Many Lebanese who would happily use harsher words to describe such behavior. The fact that Abiad chooses not to reflects his low-key public persona. His Twitter account has become the best source of information about the spread of the pandemic from a sitting public official: Every day, he offers detailed information about the progress in the vaccination campaign, the strain being placed on the country’s hospitals, and what the country’s citizens can do to stem the spread of the pandemic. But his criticisms of the government response to Covid-19 are couched in medical facts rather than the settling of political points.
Abiad frames his use of Twitter as a way to combat widespread cynicism among Lebanese about their government’s pandemic response.

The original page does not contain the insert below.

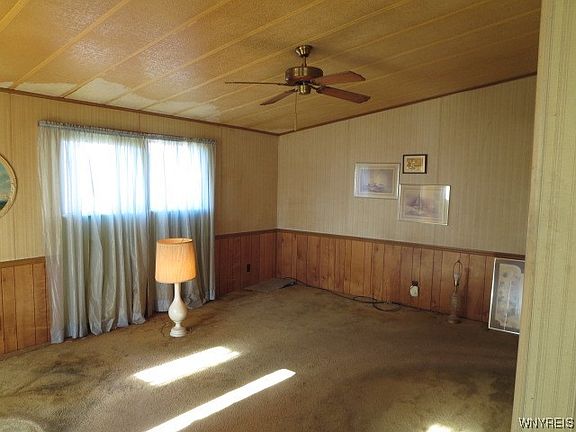 Spacious 3 bedroom 2 bath double wide mobile home with a 3 car garage. Kitchen includes appliances (as is) and features loads of cabinetry, counter space & opens to a 12 x 11 dining area. Living room has a half cathedral ceiling & chair rail. Washer & dryer also included (as is). Primary bedroom with private bath & walk in closet. Bedroom # 3 features 2 huge closets & sliding glass doors to a deck. 2.5 car attached garage with 1 car tandem. A rare find. Excellent storage with shelves. Furnace is 1 year young, hot water tank 5 years, central air is unknown. Property needs a new roof. If you are handy & can give this home the TLC it needs the future value will increase for you. Cash only buyers & can close quickly. Property being sold as is.

As the state absents itself from daily life, many simply ignore its regulations: The government proclaimed one of the world’s tightest lockdowns earlier this year, requiring citizens to register via an app for any excursion out of their homes. In reality, highways were often packed with cars as people simply ignored the regulations, and the government made little effort to enforce them. “I really believe that patients have the right to have full information in a very transparent way,” he said. “And I felt that this was not happening.”
The question of how to reform the country’s broken institutions remains even more daunting. While Abiad speaks in glowing terms about the international partnership that allowed RHUH to revive its operations, he says that it was successful because the ICRC established a regular presence in the hospital to collaborate on administrative and financial reform. It is no easy task to convince other public hospitals—let alone other public institutions—to agree to such partnerships. Abiad worries that gifts of money or equipment absent such oversight will “backfire,” comparing them to the international aid that has flowed to Lebanon for years, cementing the current status quo. “And we all know where that got us.”
Last week, Abiad tweeted an excerpt from Joseph Heller’s novel Catch-22, the story of how an absurdist bureaucracy—in this case the US military—traps its victims in paradoxes that inexorably lead to disaster. In the passage he posted, a doctor explains to the protagonist, Yossarian, why he can’t get out of flying bombing raids: He must be crazy to continue flying dangerous missions; but applying for excusal demonstrates one’s sanity, and thus he must continue flying.
Abiad said that he submitted his resignation four times prior to the current crisis. And yet he, too, has not been able to escape his mission. Those who remain in Lebanon rarely express much hope that there is a way out of the country’s downward spiral, and yet somehow, they press on.
“Yossarian was moved very deeply by the absolute simplicity of this clause of Catch-22 and let out a respectful whistle,” the quotation posted by Abiad concludes. “‘That’s some catch, that Catch-22,’ he observed.”
“‘It’s the best there is,’ Doc Daneeka agreed.”